1. $3x - 4y - 5z = -5$
2. $x + y + z = 4$
3. $4x + 3y = 5$

From Equation 2, we can express $z$ as $z = 4 - x - y$. Substitute this into Equation 1: $3x - 4y - 5(4 - x - y) = -5$ $3x - 4y - 20 + 5x + 5y = -5$ $8x + y - 20 = -5$ $8x + y = 15 \quad \text{(Equation 4)}$ Now we have a system of two equations with two variables: 3. $4x + 3y = 5$ 4. $8x + y = 15$

From Equation 4, $y = 15 - 8x$. Substitute this into Equation 3: $4x + 3(15 - 8x) = 5$ $4x + 45 - 24x = 5$ $-20x = 5 - 45$ $-20x = -40$ $x = 2$ Substitute $x=2$ into $y = 15 - 8x$: $y = 15 - 8(2) = 15 - 16 = -1$ Substitute $x=2$ and $y=-1$ into $z = 4 - x - y$: $z = 4 - 2 - (-1) = 4 - 2 + 1 = 3$ Thus, $\overrightarrow c = 2\widehat i - \widehat j + 3\widehat k$.

Step 6: Calculate the projection of $\overrightarrow c$ on $\overrightarrow b$. The projection of $\overrightarrow c$ on $\overrightarrow b$ is given by $\frac{\overrightarrow c \cdot \overrightarrow b}{|\overrightarrow b|}$. First, find the magnitude of $\overrightarrow b$: $|\overrightarrow b| = \sqrt{3^2 + (-4)^2 + 5^2} = \sqrt{9 + 16 + 25} = \sqrt{50} = 5\sqrt{2}$ Next, find the dot product $\overrightarrow c \cdot \overrightarrow b$: $\overrightarrow c \cdot \overrightarrow b = (2\widehat i - \widehat j + 3\widehat k) \cdot (3\widehat i - 4\widehat j + 5\widehat k)$ $\overrightarrow c \cdot \overrightarrow b = (2)(3) + (-1)(-4) + (3)(5) = 6 + 4 + 15 = 25$ Finally, calculate the projection: $\text{Proj}_{\overrightarrow b} \overrightarrow c = \frac{25}{5\sqrt{2}} = \frac{5}{\sqrt{2}}$

Common Mistakes & Tips

• Arithmetic Errors: Be extremely careful with signs and basic arithmetic when calculating dot and cross products, as errors can easily propagate.
• Formula Recall: Ensure accurate recall of the formulas for cross product, dot product, magnitude, and vector projection.
• Systematic Solving: Treat the problem as setting up and solving a system of linear equations.
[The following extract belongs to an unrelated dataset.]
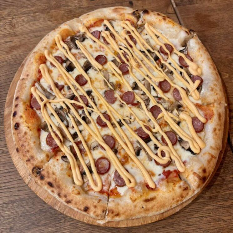 Заказать Соус томатный, сыр моцарелла, колбаски охотничьи, шампиньоны, бургер соус.

This structured approach helps avoid missing conditions or making logical errors.

Summary

We first computed the cross product $\overrightarrow a \times \overrightarrow b$. Then, we used the three given conditions to establish a system of three linear equations in terms of the components of $\overrightarrow c$. By solving this system, we determined $\overrightarrow c$. Finally, we used the definition of scalar projection to find the projection of $\overrightarrow c$ onto $\overrightarrow b$.

The final answer is $\boxed{\frac{5}{\sqrt2}}$.